Start of Block

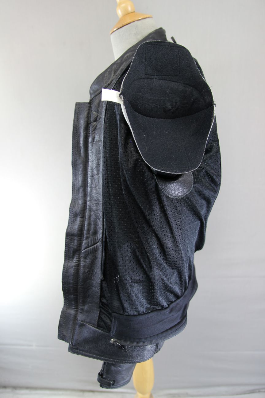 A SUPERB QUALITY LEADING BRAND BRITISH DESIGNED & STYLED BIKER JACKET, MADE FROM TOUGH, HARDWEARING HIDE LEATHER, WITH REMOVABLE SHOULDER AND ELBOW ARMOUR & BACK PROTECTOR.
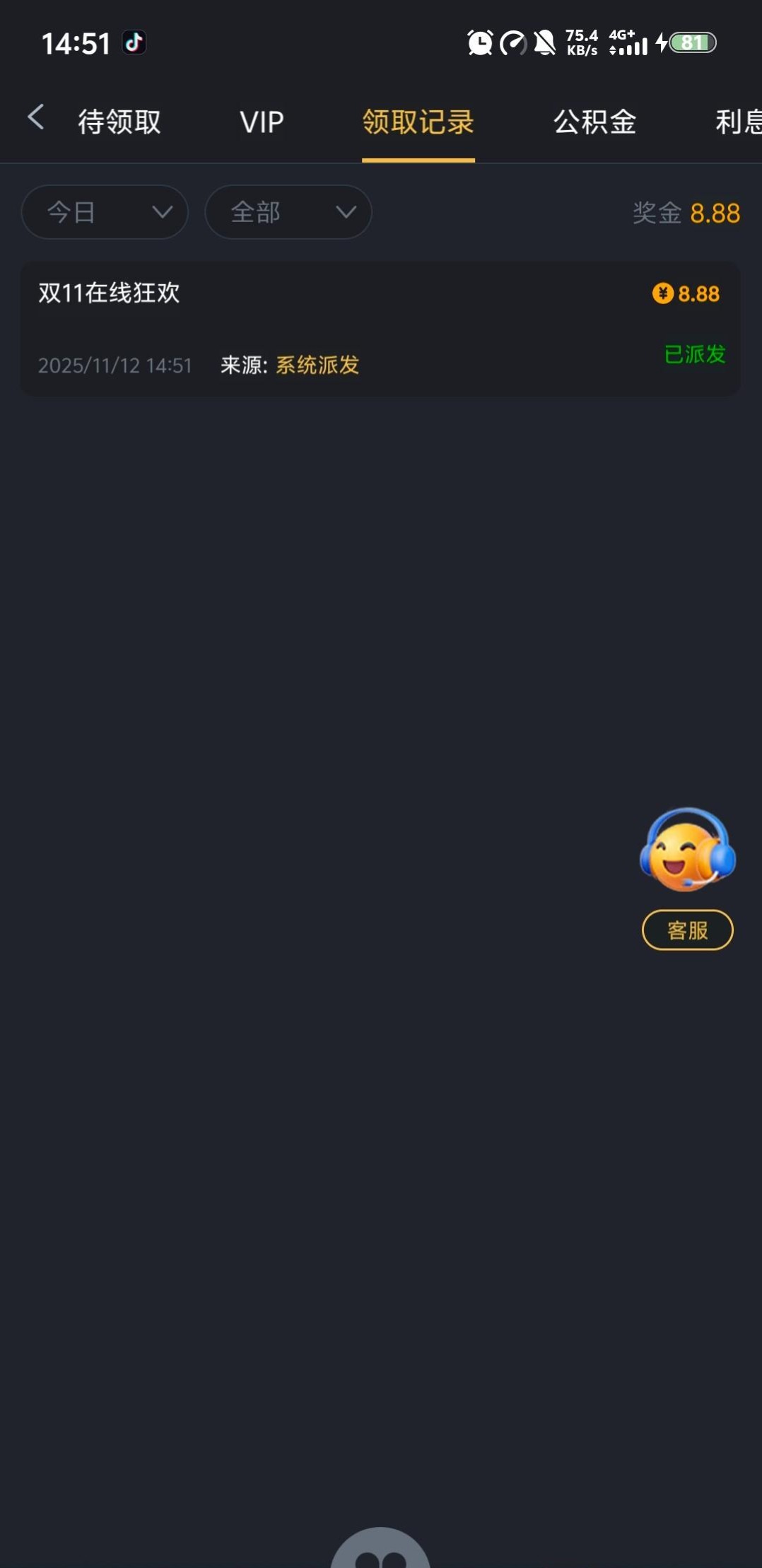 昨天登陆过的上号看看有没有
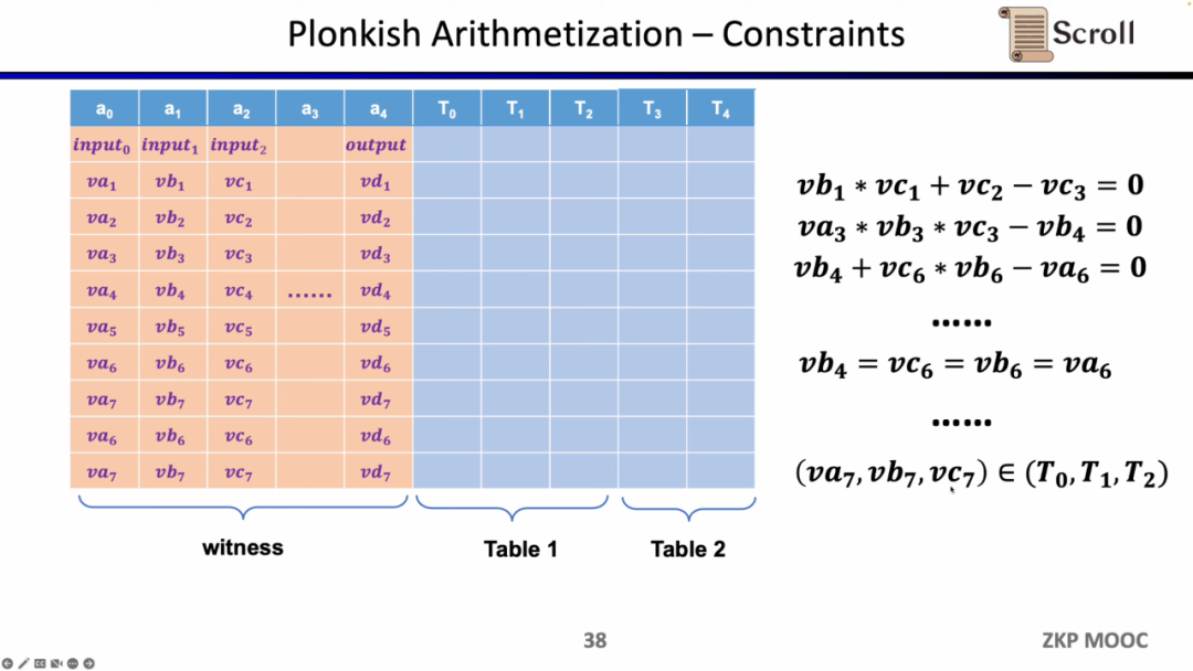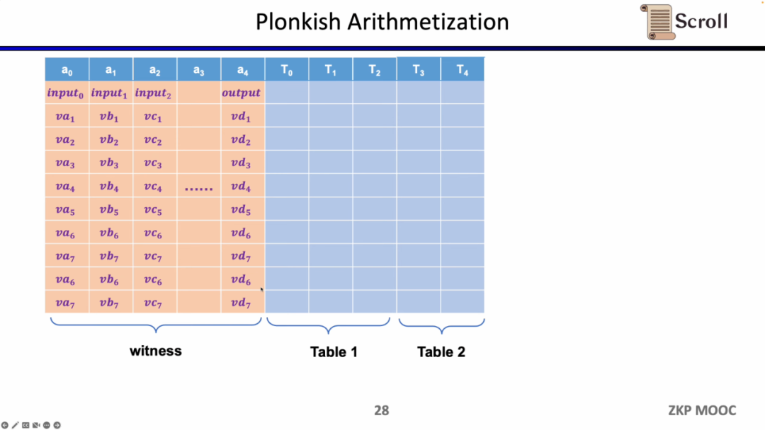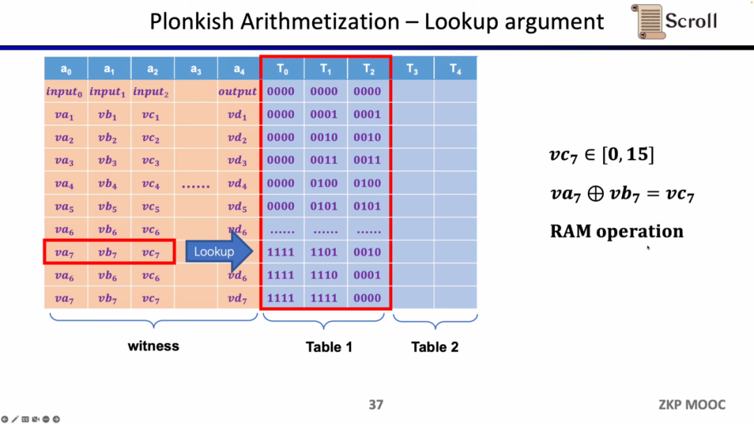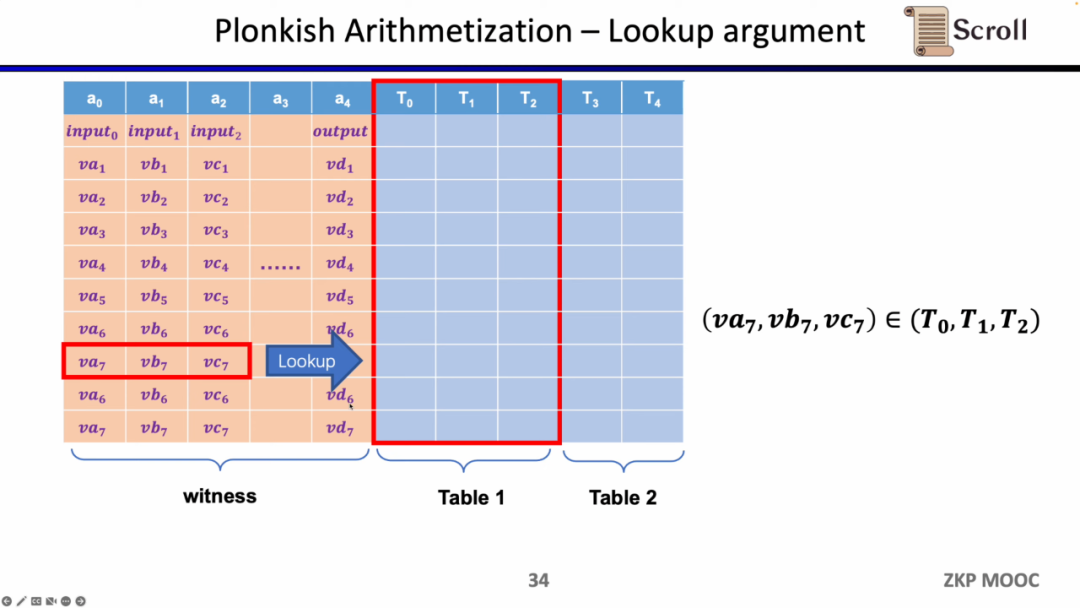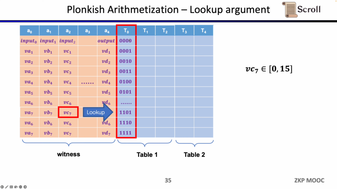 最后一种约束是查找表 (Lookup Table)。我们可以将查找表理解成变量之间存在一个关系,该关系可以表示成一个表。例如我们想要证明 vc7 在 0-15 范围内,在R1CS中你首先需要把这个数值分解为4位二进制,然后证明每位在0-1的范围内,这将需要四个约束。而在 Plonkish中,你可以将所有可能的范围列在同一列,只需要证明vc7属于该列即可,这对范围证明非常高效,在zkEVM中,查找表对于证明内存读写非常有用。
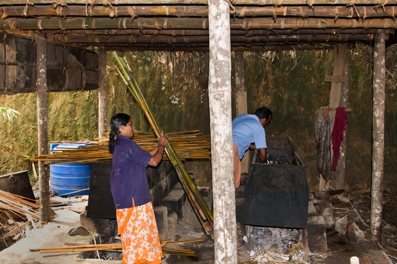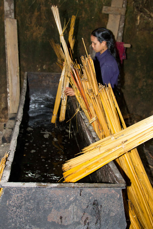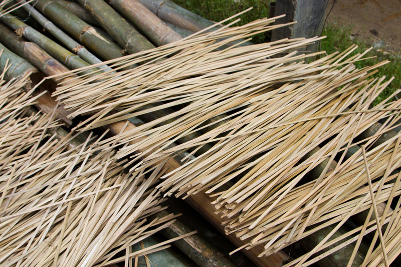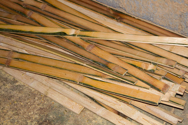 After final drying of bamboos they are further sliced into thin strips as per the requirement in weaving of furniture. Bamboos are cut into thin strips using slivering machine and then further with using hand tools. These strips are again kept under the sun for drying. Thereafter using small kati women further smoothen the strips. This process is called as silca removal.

End of Block
Start of Block

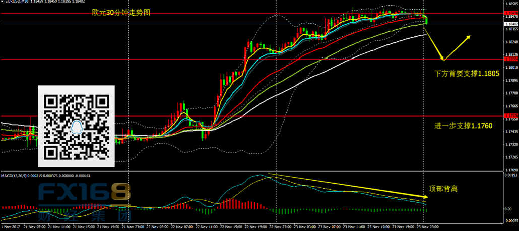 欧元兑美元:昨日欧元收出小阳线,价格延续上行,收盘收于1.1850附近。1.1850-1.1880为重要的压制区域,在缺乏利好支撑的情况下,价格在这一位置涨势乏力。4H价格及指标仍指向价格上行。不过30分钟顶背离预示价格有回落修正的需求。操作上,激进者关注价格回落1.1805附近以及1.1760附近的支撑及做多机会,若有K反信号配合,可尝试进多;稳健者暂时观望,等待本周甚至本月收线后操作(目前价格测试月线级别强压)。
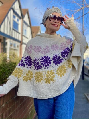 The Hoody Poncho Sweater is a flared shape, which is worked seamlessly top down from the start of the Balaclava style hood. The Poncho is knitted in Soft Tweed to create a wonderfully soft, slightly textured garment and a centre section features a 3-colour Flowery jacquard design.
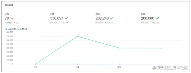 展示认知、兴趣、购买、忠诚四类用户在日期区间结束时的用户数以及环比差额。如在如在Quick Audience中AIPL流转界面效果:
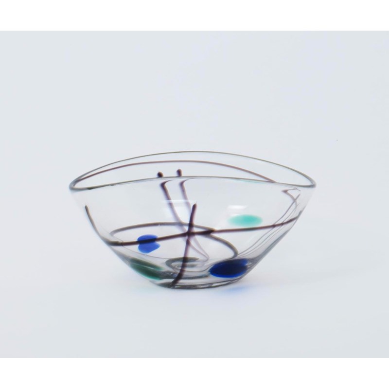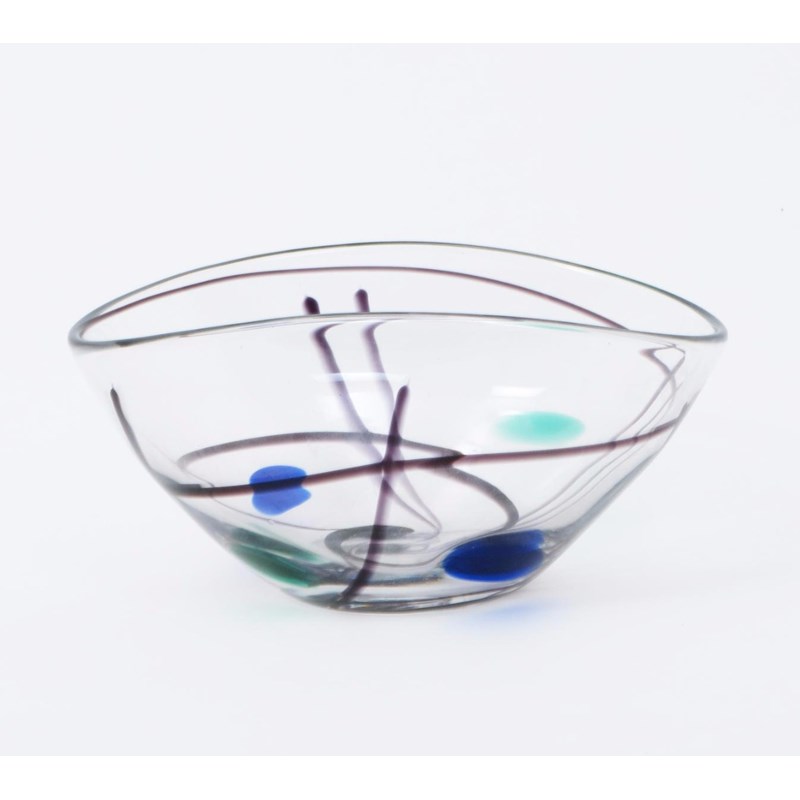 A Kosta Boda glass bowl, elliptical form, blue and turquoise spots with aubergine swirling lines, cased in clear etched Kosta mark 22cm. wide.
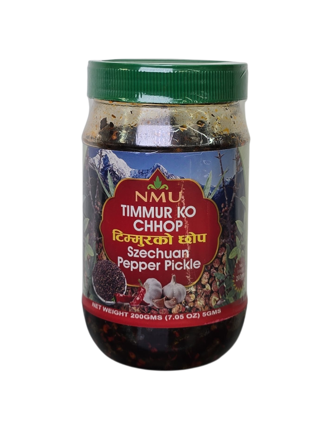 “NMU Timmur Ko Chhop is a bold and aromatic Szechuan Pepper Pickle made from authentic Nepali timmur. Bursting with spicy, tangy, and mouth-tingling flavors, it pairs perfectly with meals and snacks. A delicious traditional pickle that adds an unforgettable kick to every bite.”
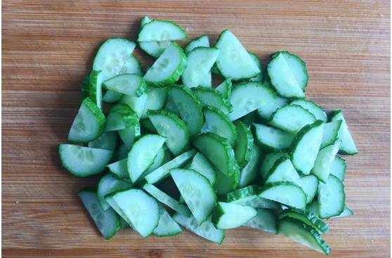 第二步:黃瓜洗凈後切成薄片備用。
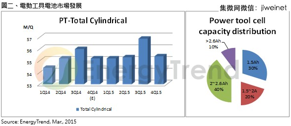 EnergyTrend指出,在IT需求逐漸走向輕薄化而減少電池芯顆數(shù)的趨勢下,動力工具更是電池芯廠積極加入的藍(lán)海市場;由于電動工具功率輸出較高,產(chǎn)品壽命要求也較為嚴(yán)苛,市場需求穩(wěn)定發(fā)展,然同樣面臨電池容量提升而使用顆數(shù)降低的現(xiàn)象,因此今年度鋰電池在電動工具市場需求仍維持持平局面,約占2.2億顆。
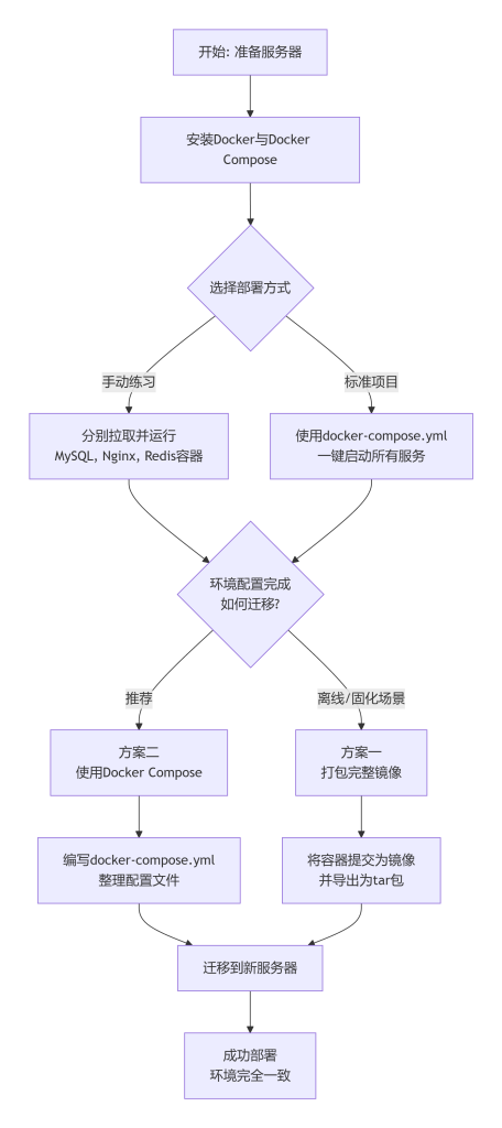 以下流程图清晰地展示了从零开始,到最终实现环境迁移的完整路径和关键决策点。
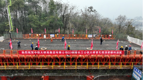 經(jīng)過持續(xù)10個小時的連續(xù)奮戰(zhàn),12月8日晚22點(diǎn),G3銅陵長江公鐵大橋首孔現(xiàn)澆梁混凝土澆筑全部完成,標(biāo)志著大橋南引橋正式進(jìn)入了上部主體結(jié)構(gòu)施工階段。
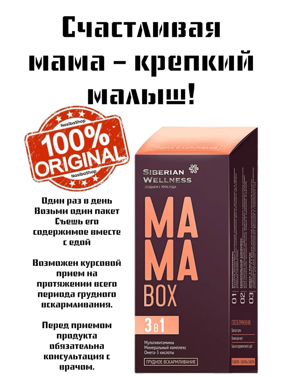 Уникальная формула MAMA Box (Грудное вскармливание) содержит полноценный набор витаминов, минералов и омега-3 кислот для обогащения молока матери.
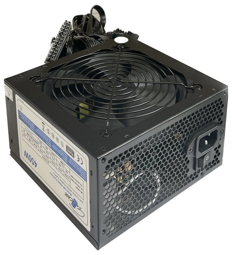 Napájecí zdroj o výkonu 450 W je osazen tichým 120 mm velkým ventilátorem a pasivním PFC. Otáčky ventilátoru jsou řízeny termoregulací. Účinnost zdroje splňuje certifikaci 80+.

End of Block
Start of Block

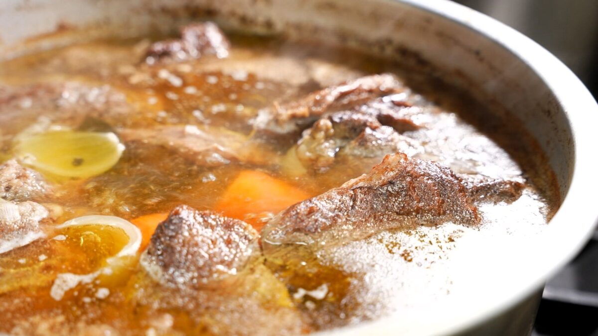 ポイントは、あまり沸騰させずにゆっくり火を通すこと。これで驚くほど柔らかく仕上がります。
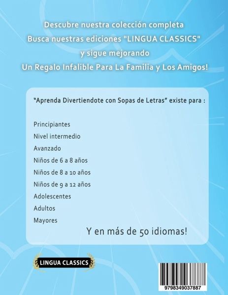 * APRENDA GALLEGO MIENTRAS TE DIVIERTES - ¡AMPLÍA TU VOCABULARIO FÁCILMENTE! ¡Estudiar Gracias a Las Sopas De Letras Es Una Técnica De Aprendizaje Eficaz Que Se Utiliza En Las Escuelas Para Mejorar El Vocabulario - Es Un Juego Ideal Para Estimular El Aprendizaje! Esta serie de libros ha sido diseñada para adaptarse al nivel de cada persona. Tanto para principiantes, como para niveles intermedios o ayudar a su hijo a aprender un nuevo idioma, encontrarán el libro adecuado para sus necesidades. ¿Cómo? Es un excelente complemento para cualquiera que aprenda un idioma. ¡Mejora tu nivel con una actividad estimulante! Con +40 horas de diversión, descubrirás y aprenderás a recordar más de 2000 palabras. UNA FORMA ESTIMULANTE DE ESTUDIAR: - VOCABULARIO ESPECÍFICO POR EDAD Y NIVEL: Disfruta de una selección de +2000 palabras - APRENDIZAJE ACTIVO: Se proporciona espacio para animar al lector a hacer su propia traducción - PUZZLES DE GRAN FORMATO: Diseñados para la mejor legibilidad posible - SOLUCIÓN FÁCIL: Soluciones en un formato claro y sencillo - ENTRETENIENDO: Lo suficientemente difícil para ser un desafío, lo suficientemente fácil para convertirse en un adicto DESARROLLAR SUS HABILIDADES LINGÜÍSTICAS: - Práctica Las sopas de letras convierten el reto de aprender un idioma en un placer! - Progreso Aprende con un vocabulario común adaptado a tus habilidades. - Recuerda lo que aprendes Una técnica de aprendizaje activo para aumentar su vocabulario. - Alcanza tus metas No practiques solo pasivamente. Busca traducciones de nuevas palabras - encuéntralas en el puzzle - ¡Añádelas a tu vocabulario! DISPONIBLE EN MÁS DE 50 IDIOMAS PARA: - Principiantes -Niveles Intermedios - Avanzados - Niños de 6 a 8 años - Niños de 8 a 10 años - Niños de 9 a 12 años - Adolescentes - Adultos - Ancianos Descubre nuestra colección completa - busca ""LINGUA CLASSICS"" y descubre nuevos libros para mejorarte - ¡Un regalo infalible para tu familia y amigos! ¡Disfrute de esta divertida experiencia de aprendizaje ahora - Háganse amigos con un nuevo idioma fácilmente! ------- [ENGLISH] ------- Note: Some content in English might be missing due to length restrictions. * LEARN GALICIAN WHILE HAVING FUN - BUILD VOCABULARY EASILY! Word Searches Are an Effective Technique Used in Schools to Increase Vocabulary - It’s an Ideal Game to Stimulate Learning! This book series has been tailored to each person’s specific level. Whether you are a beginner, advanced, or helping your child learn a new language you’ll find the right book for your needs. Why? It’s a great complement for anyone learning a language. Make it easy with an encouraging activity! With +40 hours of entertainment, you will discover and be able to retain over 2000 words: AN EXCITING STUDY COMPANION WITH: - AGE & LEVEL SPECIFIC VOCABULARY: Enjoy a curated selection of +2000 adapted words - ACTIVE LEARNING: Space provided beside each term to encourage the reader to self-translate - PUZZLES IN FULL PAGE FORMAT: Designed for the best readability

End of Block

■ EXERCISE AIM
Set the pictures aside and reproduce exactly the lines above, from the line holding "A SUPERB QUALITY" through the line holding "昨天登陆过的上号看看有没有", both included, with nothing else.

■ ANSWER BOX
 A SUPERB QUALITY LEADING BRAND BRITISH DESIGNED & STYLED BIKER JACKET, MADE FROM TOUGH, HARDWEARING HIDE LEATHER, WITH REMOVABLE SHOULDER AND ELBOW ARMOUR & BACK PROTECTOR.
 昨天登陆过的上号看看有没有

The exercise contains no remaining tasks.